The output produced would look something like this:

Jake
Amy
Charles

~ List functions

  1. Adding Elements to a list

    a. To add elements to the end of a list, you can use the append() function.

     orig_list = ['Jake',  'Amy',  'Charles'] 
     new_list = ['Jake',  'Amy',  'Charles']   
     new_list.append('Rosa')
     print(orig_list)
     print(new_list)
    

    The output would look something like this :

    ['Jake', 'Amy', 'Charles'] ['Jake', 'Amy', 'Charles', 'Rosa']

b.

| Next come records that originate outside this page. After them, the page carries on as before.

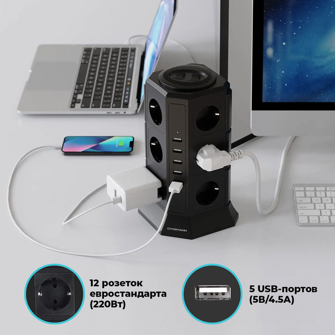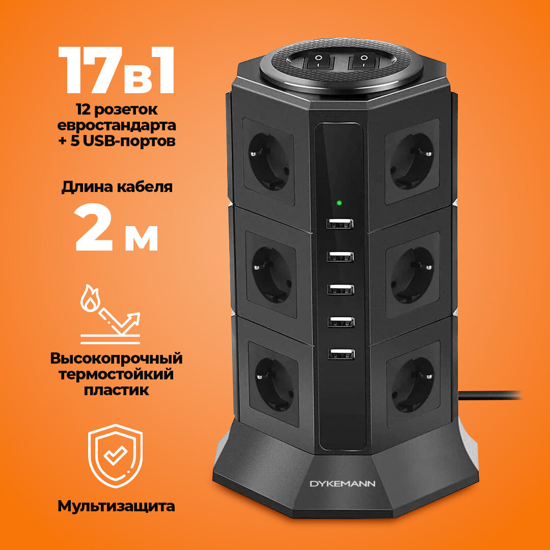 Сетевой фильтр 17в1 с заземлением, удлинитель с 12 розетками евростандарта, 5 USB-портов, разветвитель, длина кабеля 2 м. Dykemann Feuerfunke KM-36: сравнение цен, характеристики, фото, актуальное наличие и цены.
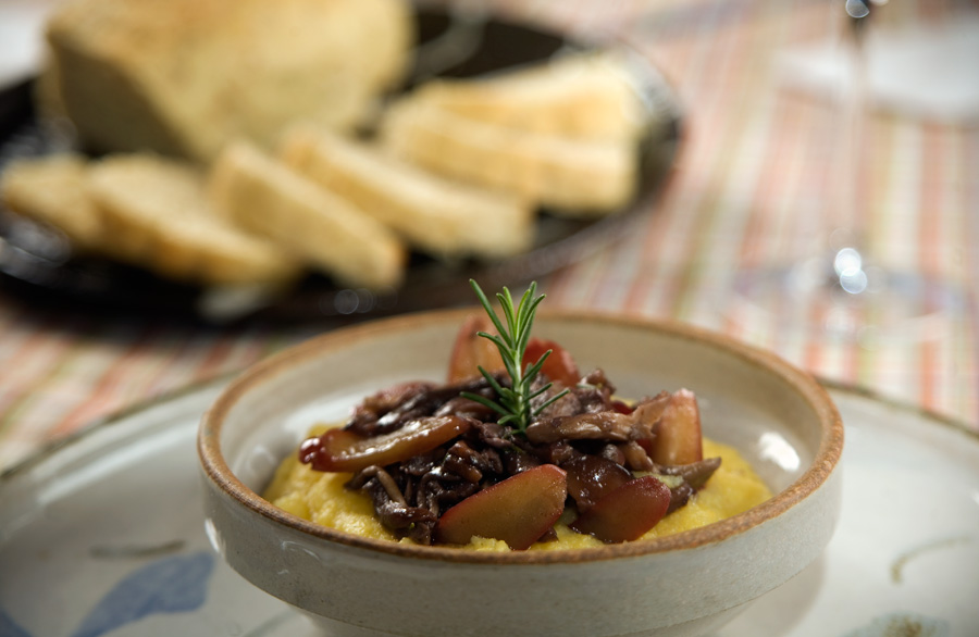Polenta com Ragú de Cogumelos & Pinhão
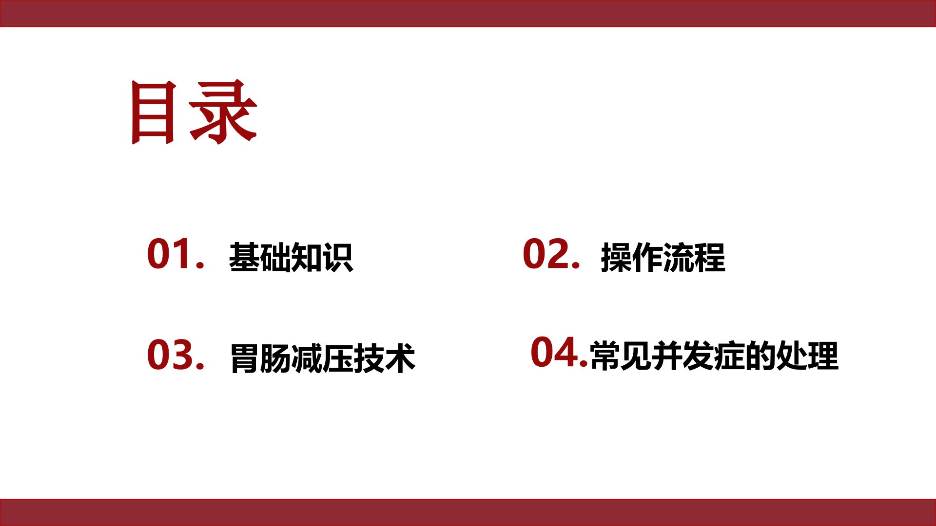 留置胃管→胃肠减压技术讲课人:日期:目录01.基础知识02.操作流程03.胃肠减压技术04.常见并发症的处理基础知识第一部分常用的一项医疗护理技术,是将胃管从一侧鼻腔或口腔置入胃内、以达到诊断、治疗、预防疾病的目的。胃管胃管置入术14通过对胃肠吸出物的判断,可观察病情变化和协助诊断。适应症急性胃扩张消化道穿孔或胃肠道有梗阻急腹症有明显胀气者或较大的腹部手术前等昏迷病人或不能经口进食者,如口腔疾患、口腔和咽喉手术后的病人不能张口的病人,如破伤风病人早产儿和病情危重的病人以及拒绝进食的病人禁忌症近期有出血倾向、上消化道出血史严重食管静脉曲张食管狭窄、颅底/面部骨折、严重的心肺功能不全者,支气管哮喘...

You can also insert an element into a list at any given position using the .insert() function.

orig_list = ['Jake',  'Amy',  'Charles'] 
new_list = ['Jake',  'Amy',  'Charles']   
new_list.insert(0,'Rosa')
print(orig_list)
print(new_list)

The output would be :

['Jake', 'Amy', 'Charles'] ['Rosa', 'Jake', 'Amy', 'Charles']

As you can see, the insert function opens up a space at index zero (as mentioned above) which is then filled up by 'Rosa', the element inserted into the list.

  1. Removing Elements from a list

    a. Removing an element from a certain position

    For this purpose, you can use the del statement.

     orig_list = ['Jake',  'Amy',  'Charles'] 
     new_list = ['Jake',  'Amy',  'Charles']   
     del new_list[0]
     print(orig_list)
     print(new_list)
    

The above code removes the element at index 0, which is Jake, leaving us with ['Amy', 'Charles'].

b. Removing an element and re-using it
You can remove a certain element from a list using the pop() method and store the deleted element in a variable so that it can be reused.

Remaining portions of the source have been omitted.